Dense irregular c.t. takes on a more organized appearance in the perichondrium, periosteum, and perineurium. Look at slide 47 (trachea) for an example of perichondrium surrounding a C-shaped ring of cartilage which you may need assistance today in identifying. Collagen here appears regularly oriented, but in fact runs in two directions as a meshwork covering the surface of the cartilage. Further from the cartilage, and forming the cut surface of the trachea, the collagen becomes more randomly-oriented. It is classified as dense irregular c.t. in both locations, thus you can appreciate that categorization of this type of c.t. requires (1) a sufficiently low magnification to see relationships, and (2) an understanding of the appearance of bone, cartilage and nerve with its associated periosteum, perichondrium, and perineureum, respectively.

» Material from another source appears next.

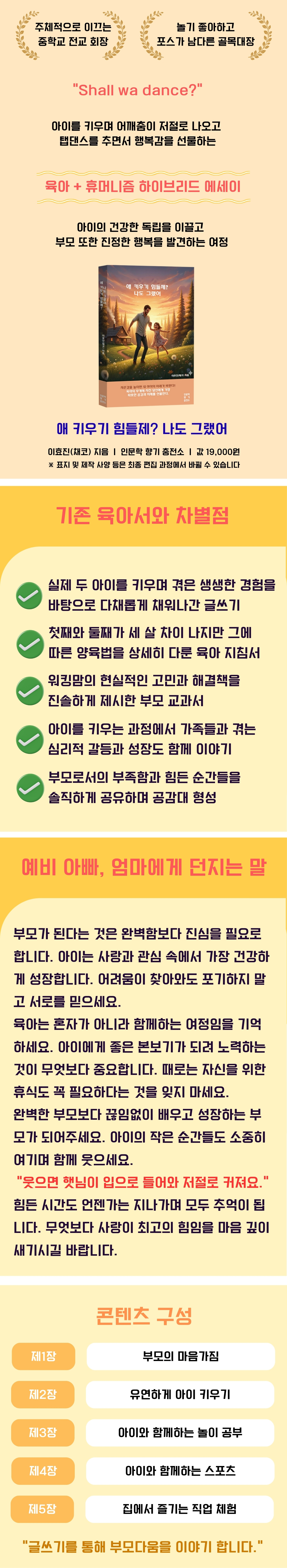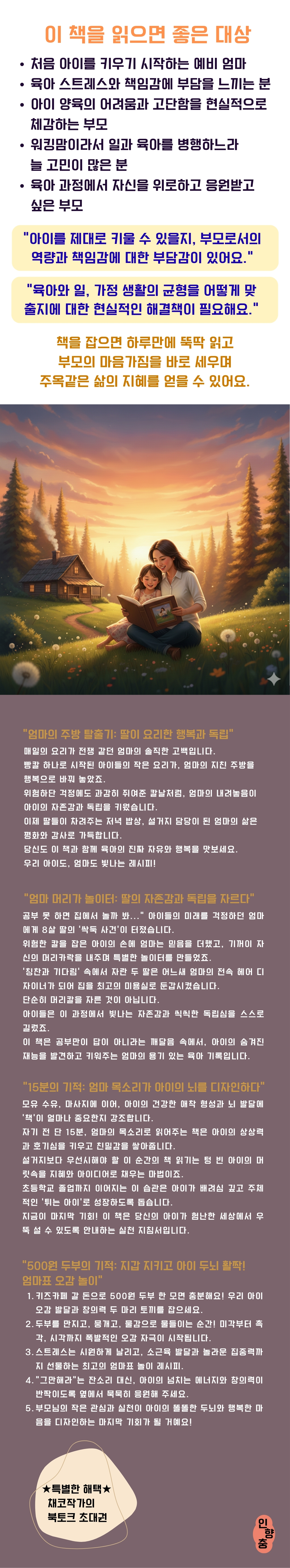 이 책은 단순한 육아서적을 넘어, 아이와 부모가 함께 만들어가는 ‘우리 이야기’를 진솔하게 풀어낸 동반자서로서 누구나 읽고 싶은 필독서가 될 것입니다. 육아라는 긴 여정에서 잠시 힘이 되어주고 싶은 모든 이들에게 강력하게 추천합니다.

DENSE REGULAR C.T. This c.t. consists primarily of collagen fibers oriented in one direction only, as exemplified by tendons. A good example may be seen in slide 6 (finger joint). Tendon appears as regularly and closely packed parallel fibers inserting near the articular surface of the bone. The fibroblast nuclei appear as black, elongated wavey lines between collagen bundles. Also you can use this slide to see more dense irregular c.t. in the form of periosteum. Have your lab instructor verify your identification of periosteum and tendon, as they appear very similar and require experience to distinguish.

FIBERS
As you now know, collagen can be seen easily with H&E as eosinophilic fibers and bundles.

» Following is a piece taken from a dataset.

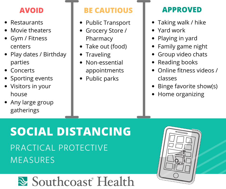 In response, many Americans have taken steps in reducing person-to-person contact and social gatherings. One step in reducing close contact is social distancing. Social distancing is known as intentionally increasing the physical space between people. Social distancing becomes obvious as the virus is thought to spread mainly from person-to-person. More specifically, between people who are in close contact with one another, within about 6 feet. (Centers for Disease Control and Prevention, 2020) While the idea of social distancing may feel isolating for many, these measures are the best way to help interrupt or stop the spread of infection and to allow the health care system to readily and promptly care for patients.

Elastic is most easily identified when a specific stin such as aldehyde fuchsin is used. Look for elastic laminae or plates as darkly staining, circumferentially-priented lines composing much of the inner wall of the aorta (slide 96). Elastic also occurs as fibers, seen as in the matrix of elastic cartilage of the external ear (slide 100).

Reticular fibers are revelaed most clearly with silver stain in slide 191 (spleen). Look for very think black fibers of varying lengths throughout the tissue.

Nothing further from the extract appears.